Pada waktu para Savaka diperkenankan memberikan penahbisan dengan metode Tisaranagamana upasampada, dimana diperkenankan memberikan Pabbaja dan Upasampada bersama-sama. Setiap calon Bhikkhu akan menjalani Pabbaja dan Upasampada. Setelah metode Tisaranagamana Upasampada tidak digunakan lagi dan diganti dengan Natticatthukamma, maka metode Tisaranagamana di gunakan untuk penahbisan Samanera.Penahbisan untuk menjadi Samanera disebut Pabbaja.
`Pada zaman Sang Buddha sudah wajar anak-anak menjadi samana, tetapi mereka tidak di izinkan menjadi Bhikkhu. Mereka menjalani hidup keviharaan sebagai Samanera, yang berarti Samana kecil atau Murid Samana.Samanera pertama dalam agama Buddha adalah Rahula, putera Pangeran Siddharta Gautama.
Batas usia  minimal  viharawan pada waktu itu adalah 15 tahun, tetapi Rahula menjadi Samanera berusia 7 tahun dan ditasbihkan oleh Sariputta Thera. Pabbaja itu sangat sederhana, setelah mengucapkan Tisaranagamana, calon Samanera telah menjadi Samanera.
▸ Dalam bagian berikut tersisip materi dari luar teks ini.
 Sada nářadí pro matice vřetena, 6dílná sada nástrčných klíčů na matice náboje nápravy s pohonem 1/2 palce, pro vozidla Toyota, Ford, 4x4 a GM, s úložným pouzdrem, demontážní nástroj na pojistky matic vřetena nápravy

Pabbaja harus dilaksanakan secara metodik (kiccalakkhana), diketahui oleh semua bhikkhu yang berdiam di vihara tempat pabbaja dilaksanakan.Pabbajja tidak dilakukan secara rahasia, harus seijin orang tuanya, mengingat anak-anak dibawah umur yang berusia 7-20 tahun dapat menjadi sammanera.Hal ini perlu diperhartikan, jangan sampai dikatakan menasbihkan anak-anak yang diculik menjadi sammanera.
Menurut atthakatha, bhikkhu yang akan mentahbiskan membawa calon sammanera kepada bhikkhu-bhikkhu lainnya dan mengatakan kepada mereka bahwa calon ini berkeinginan menjadi sammanera. Setelah para bhiikhu yang berdiam di sana mengetahui, maka penatahbisan dapat dijalankan. Meskipun demikian, cara ini tidaklah mutlak karena pabbajja sammanera bukan merupakan peristiwa yang penting.
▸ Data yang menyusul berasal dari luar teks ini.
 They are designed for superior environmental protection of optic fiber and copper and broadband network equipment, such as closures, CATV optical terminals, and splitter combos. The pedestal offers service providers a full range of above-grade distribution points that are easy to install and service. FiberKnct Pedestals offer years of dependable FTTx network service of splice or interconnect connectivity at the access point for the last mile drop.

Setelah pabbajja, sammanera harus meminta sikapadda dan di samping itu ia harus melaksanakan 75 sekiya Dhamma. Bhiikhu yang memberikan pabbajja paling kurang telah memiliki 10 vassa, demikian juga untuk seorang uppajaya yang memberikan nissaya.Bhikkhu yang memberikan Tisaranagamana dan 10 sikhapadani tidak memiliki batas vassa.Bhikkhu yang kurang dari 10 vassa boleh melakukannya.

2.        Upassampada
Dalam agama buddha apabila seseorang yang akan menjalani kehidupan seorang kebhikkhuan maka ia harus menjalani sebuah proses yang dinamakan pentahbisan  atau upassampada dari seorang bhikkhu. Ada tiga jenis metode Upassampada yang terdapat dalam Vinaya, yaitu:
a.    Ehi-bhikkhuupasampada
Pentahbisan oleh Buddha dengan ucapan, "Ehi bhikkhu, svakkhato dhammo caro brahmacariyam samma dukkhasa antakiriyaya" - "Marilah bhikkhu, Dhamma telah dibabarkan dengan baik, hiduplah sebagai brahmacariya untuk mengakhiri dukkha ini selamanya." Setelah ucapan itu
diperdengarkan, orang yang berminat menjadi bhikkhu itu diterima dan
bergabung dengan Sangha.Pentahbisan ini dikenal sebagai Ehi-bhikkhu
upasampada yang berarti "Pentahbisan dengan Ucapan Marilah Bhikkhu!"

b.Tisaranagamanupasampada
Pentahbisan dilakukan di hadapan para siswa utama Buddha.Para calon
bhikkhu diharuskan mencukur terlebih dahulu rambut dan janggut mereka
serta mengenakan jubah kasaya (berwarna kuning) sebagai pertanda niat
mereka untuk bergabung dengan Sangha.Selanjutnya, mereka mengucapkan
dengan tulus rumusan
Berlindung Pada Tiga Permata dengan sikap
hormat.Setelah melakukan tatacara ini, calon bhikkhu diterima dan
bergabung dengan Sangha sebagai bhikkhu seutuhnya.Oleh karena itu,
pentahbisan semacam ini disebut Tisaranagamanupasampada, yang berarti
Pentahbisan dengan Berlindung pada Tiga Permata.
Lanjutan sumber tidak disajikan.